Visual content gets 90% more views and is 40% more shared on social media. Good images have a huge impact on social engagement. Hubspot pays close attention to the science of visuals, contributing their own research and guides on the topic.

Hubspot often gives away the stock photos and creates dynamic social imagery. It makes good use of the cover image sections of the several social sites in which they’re active. A variety of associated visual imagery is rolled out, including cover images, with each new campaign launch.

Keeping it simple

B2B and B2C marketing are often thought of as being pretty mismatched. B2B marketers feel that they do not have room to match the creativity of their consumer-facing colleagues. But the lines between the two are blurring, for example blogs from B2B software providers – speak directly to the one or two people in a company who might use their product, ignoring the rest.

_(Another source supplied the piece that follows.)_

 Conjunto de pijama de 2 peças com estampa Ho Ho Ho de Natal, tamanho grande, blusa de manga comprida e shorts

The reason these companies are successful is simple: you never really sell to a business, always to the people who make it up. That’s why you should always build personal rapport initially. That’s why creativity and emotional appeal in B2B marketing can bring great outcomes.

Emotional connections

B2B brands are now concentrating on making it easy brands by story telling. When stories feel timely and applicable to our own lives, we get revolved in even more so and are bound to share the content on the social media

Mesmerizing content merged with social media leads to brand engagement and loyalty. Whether it’s a global campaign to launch ads like Vicks’s “touch of care” or Ariel’s “Share the load”, it’s isn’t about selling products.Furthermore it’s about demonstrating brand value. Google isn’t a search engine. Google is a digital toolset that breaks down time, space, and knowledge barricades to allow meaningful connections and personal growth.

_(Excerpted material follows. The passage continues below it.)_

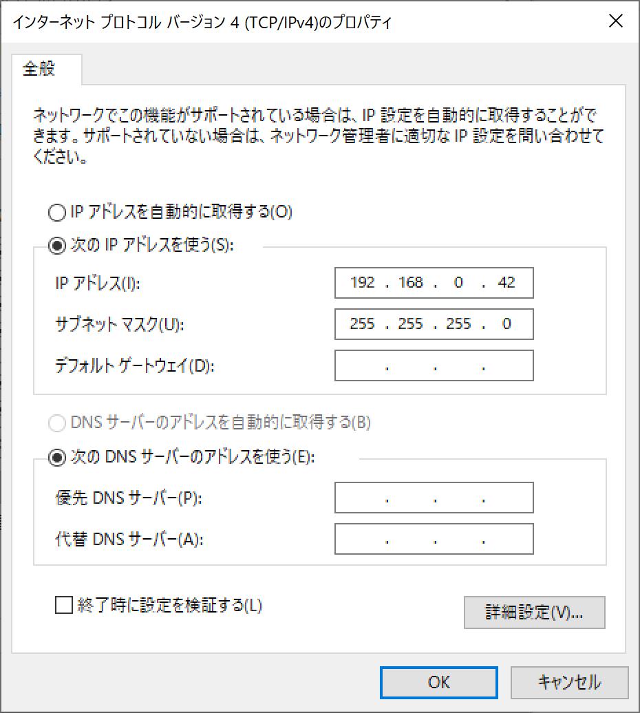 この例では192.168.0.42というアドレスと255.255.255.0のサブネットマスクを設定してます。

Similarly business decision makers have a bigger personal and professional stake in the decision to purchase. Over recent years as financial resources have gotten more constrained.The stakes have been raised to assure senior management that investment in a new technology or implementing a new campaign is worth the time and resources it demands. Likewise emotional stakes are higher and in turn, emotional connections with B2B brands are in fact greater than B2C brands.


Ultimately, the line isn’t blurring but software in B2B is becoming inclined by B2C products and companies are getting better at making their software user friendly. Bottom line, people want to do business with people and not organizations. B2B firms that get that and can ditch the technical sales jargon stand a much greater chance of creating an emotional connection with potential customers.